On a societal level, the inability to say “no” spreads like an insidious virus. It creates the kind of political correctness that we are now facing in this country. It weakens the people who have the unique education and ability to protect us, like doctors. When those who are supposed to be our advocates become frightened, we all suffer.
“No” doesn’t mean being a jerk
It is important to clarify that by saying “no” I am not implying that people should be obstreperous jerks. There are many situations in which you can say no in a polite and cordial manner. You can say “no” with a smile, or by using body language. In other situations, you need to say “no” with every fiber of your being, but it does not mean that this is a personal attack. It means, “You are invading my personal space.” Stop.
Difficulty in saying “no” is not just a problem for doctors
I have shared this topic with you because in my experience as a physician, I am frequently asked by patients for advice when they are struggling with difficult personal situations. This often occurs during a conflict in an important personal relationship. A person may feel stuck in a bad marriage. They may have a problem with a difficult child or a controlling boss. In many of these situations, people have developed a fear of disagreeing – of saying “no” to a person– and this pattern has finally reached a critical point where it is doing damage to them as an individual. Their thoughts are tied up in knots because they have lost their ability to psychologically defend themselves. All of us have been in such a situation at some point in our lives.
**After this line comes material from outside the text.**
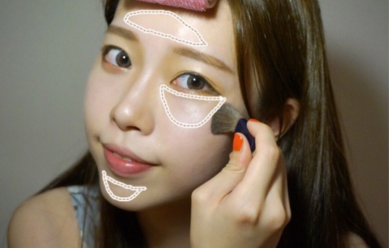 在图中标注的位置刷上高光提亮,位置也可以视自己情况而定哈。在苹果肌上刷上浅粉色和橘色混合腮红即可。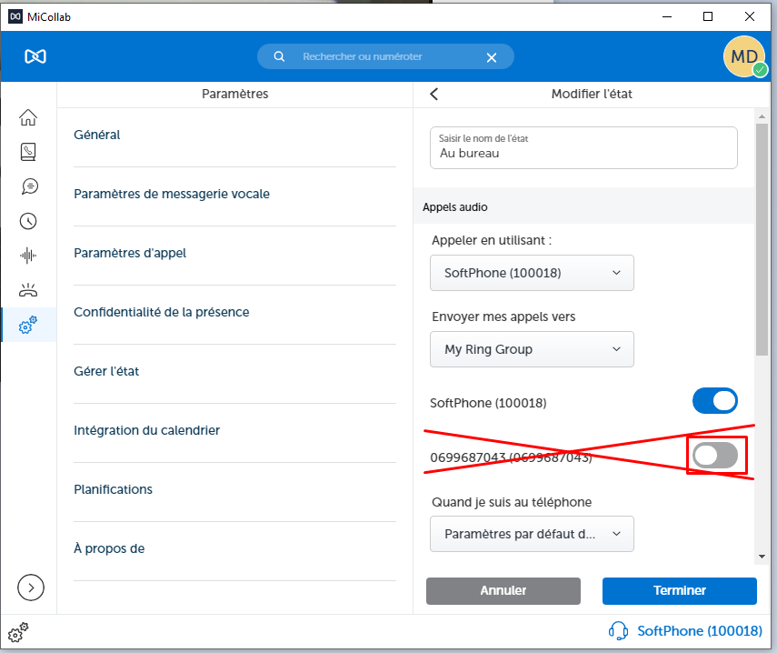 Cela permet de ne pas faire sonner le téléphone fixe et vous évite de rencontrer des problèmes si un collaborateur décrocherait vos appels. Vous ne recevriez plus vos appels sur Micollab lorsque le téléphone fixe serait utilisé.

Even if it does not feel natural to do so, it is important to make yourself say “no” when someone or some institution is exhibiting predatory behavior. This simple act of saying “no” is the beginning of regaining your freedom. Each time you say “no” in a difficult situation, or to a powerful person, you get stronger. Each time you fail to do so, you lose a little piece of yourself. And if you lose your ability to say “no” over the long term, you may find yourself paying for an expensive seminar someday to have someone to tell you what you once knew instinctively as a two-year-old.